0C menjadi 30°C. Tahap fraksinasi ini meliputi tahap pemisahan minyak antara fraksi padat (stearin) dan fraksi cair (olein). Fraksi padat (stearin) mempunyai titik beku yang lebih besar dibandingkan dengan titik beku fraksi cair (olein). Trigliserida yang ada dalam fraksi stearin terutama terdiri dari komponen asam-asam lemak jenuh, sedangkan fraksi olein terutama terdiri dari komponen asam-asam lemak tidak jenuh.

Pada temperatur rendah (22,5°C) stearin berada pada fasa padat, sedangkan olein tetap dalam fasa cair. Dengan demikian dapat dengan mudah dilakukan pemisahan fraksi.

Untuk mencapai suhu 22,5°C, maka pada tangki kristalizer dipasang coil pendingin air.

Suhu air yang keluar dari chiller berkisar 15°C. Pada tangki kristalizer juga dipasang pengaduk. Pengadukan bertujuan untuk pemerataan suhu di setiap titik dan pemerataan penyebaran kristal. Pengadukan dilakukan selama 3 jam.

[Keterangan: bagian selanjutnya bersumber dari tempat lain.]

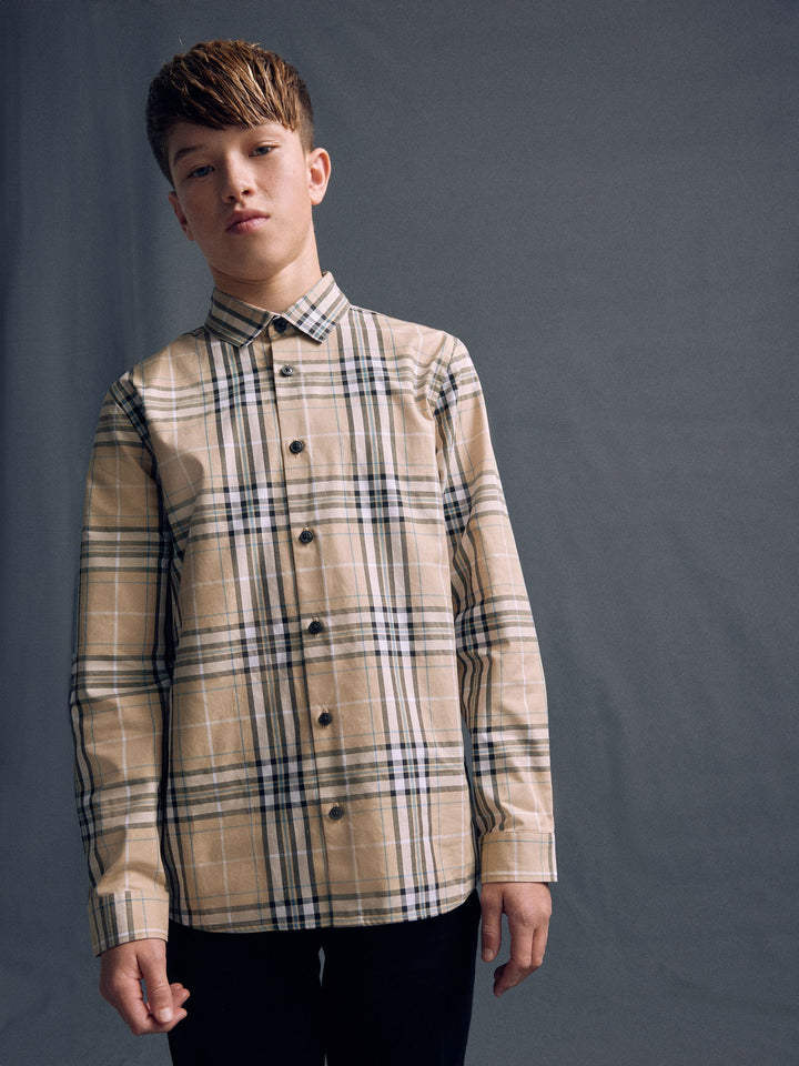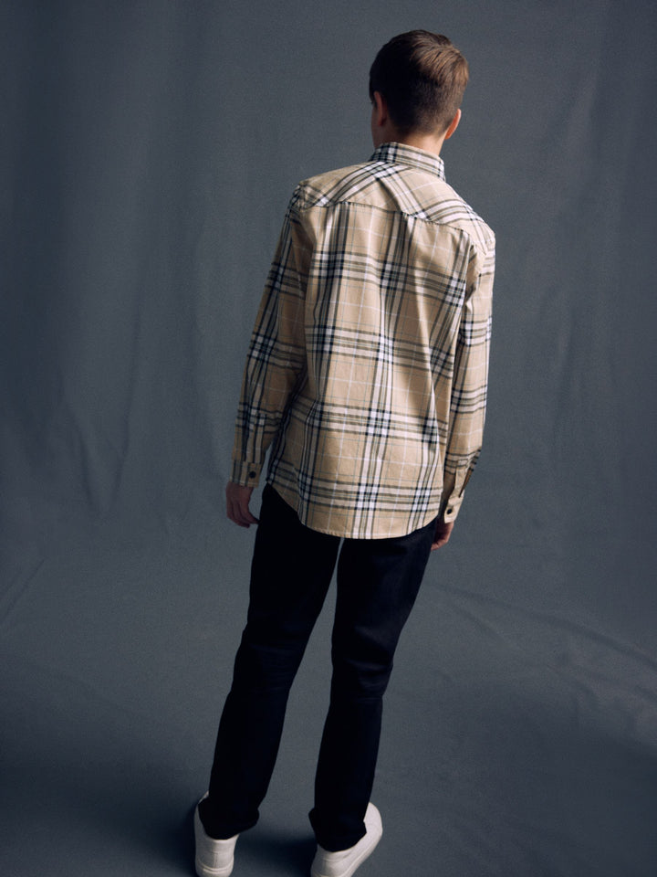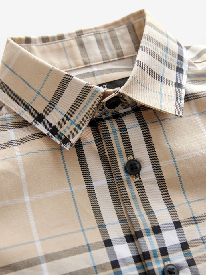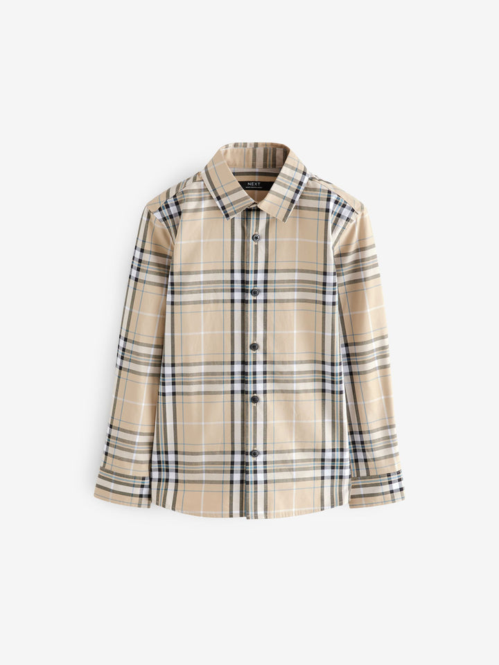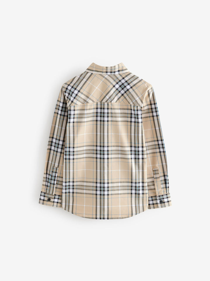 Neutral Check Long Sleeve 100% Cotton Shirt (3-16yrs)
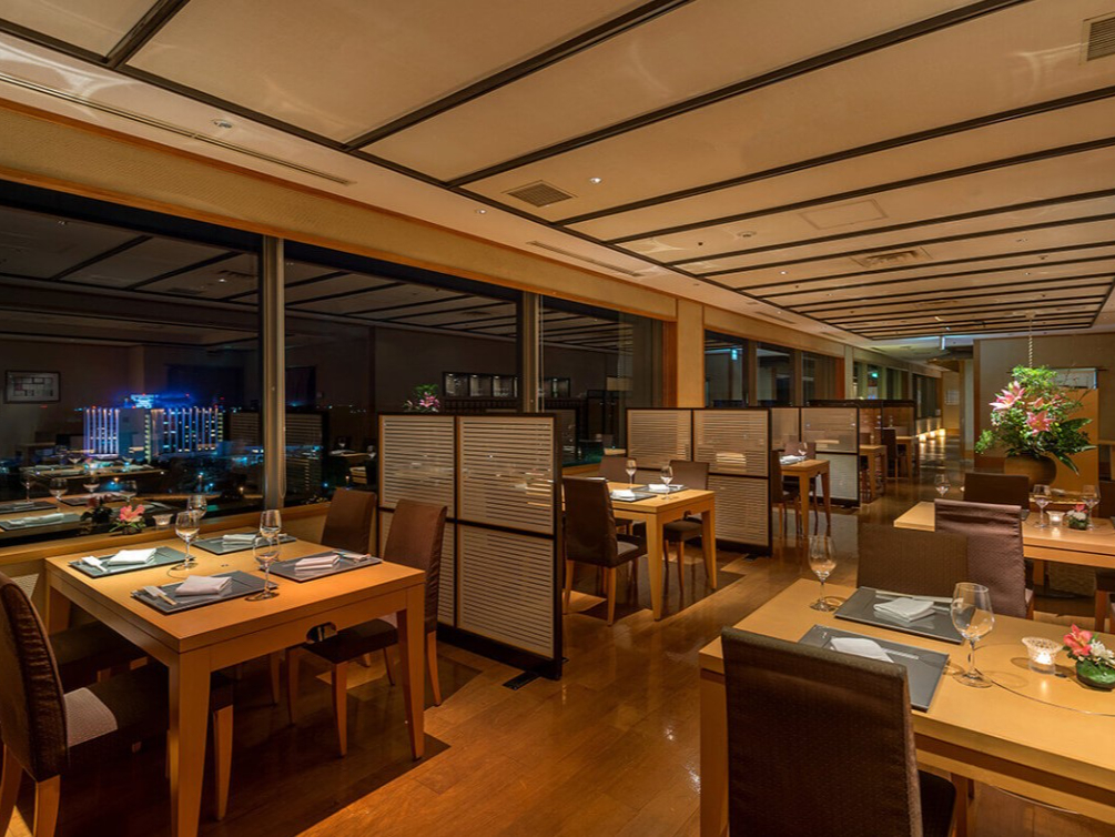 成田空港が一望できる、最上階のレストラン。ホテルの中とは思えない風情あるエントランスがお迎えいたします。大きな窓にゆったりとした空間は、お食事をゆっくりお楽しみいただくのにぴったり。
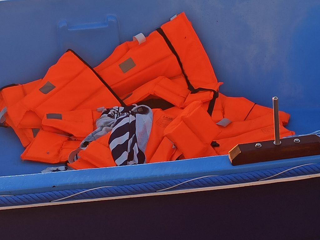 La embarcación permanecía varada en la costa de es Viver esta mañana y en el interior de la misma se podía observar una decena de chalecos salvavidas tirados sobre la cubierta.
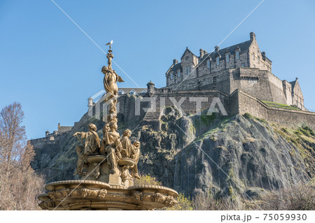 The Ross Fountain and Edinburgh Castle in Edinburgh, Scotland
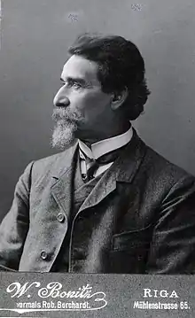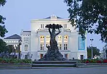 Volz' firm was also took active part in supplying decorations for both the present-day Latvian National Opera and the Latvian National Theatre. The entirety of the interior decoration for the opera was entrusted to Volz,[18] while for the theatre the firm of Volz supplied the Atlas figures flanking the entrance while the interior decoration was entrusted to the firm Otto & Wassil.[19]
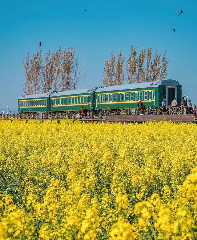 现在油菜花开得很好,在蓝天白云的映衬下,绿皮小火车穿梭在花田之间,超有童话感

Hasil dari tangki kristalisasi dipompakan ke filter press untuk dipisahkan fraksi padat dan cairnya. Fraksi padat yang berupa stearin ditampung dalam tangki stearin sedangkan produk utama yang berupa fraksi cair atau olein ditampung dalam tangki olein.

Fraksi cair inilah yang disebut dengan minyak goreng (Azian, 2006).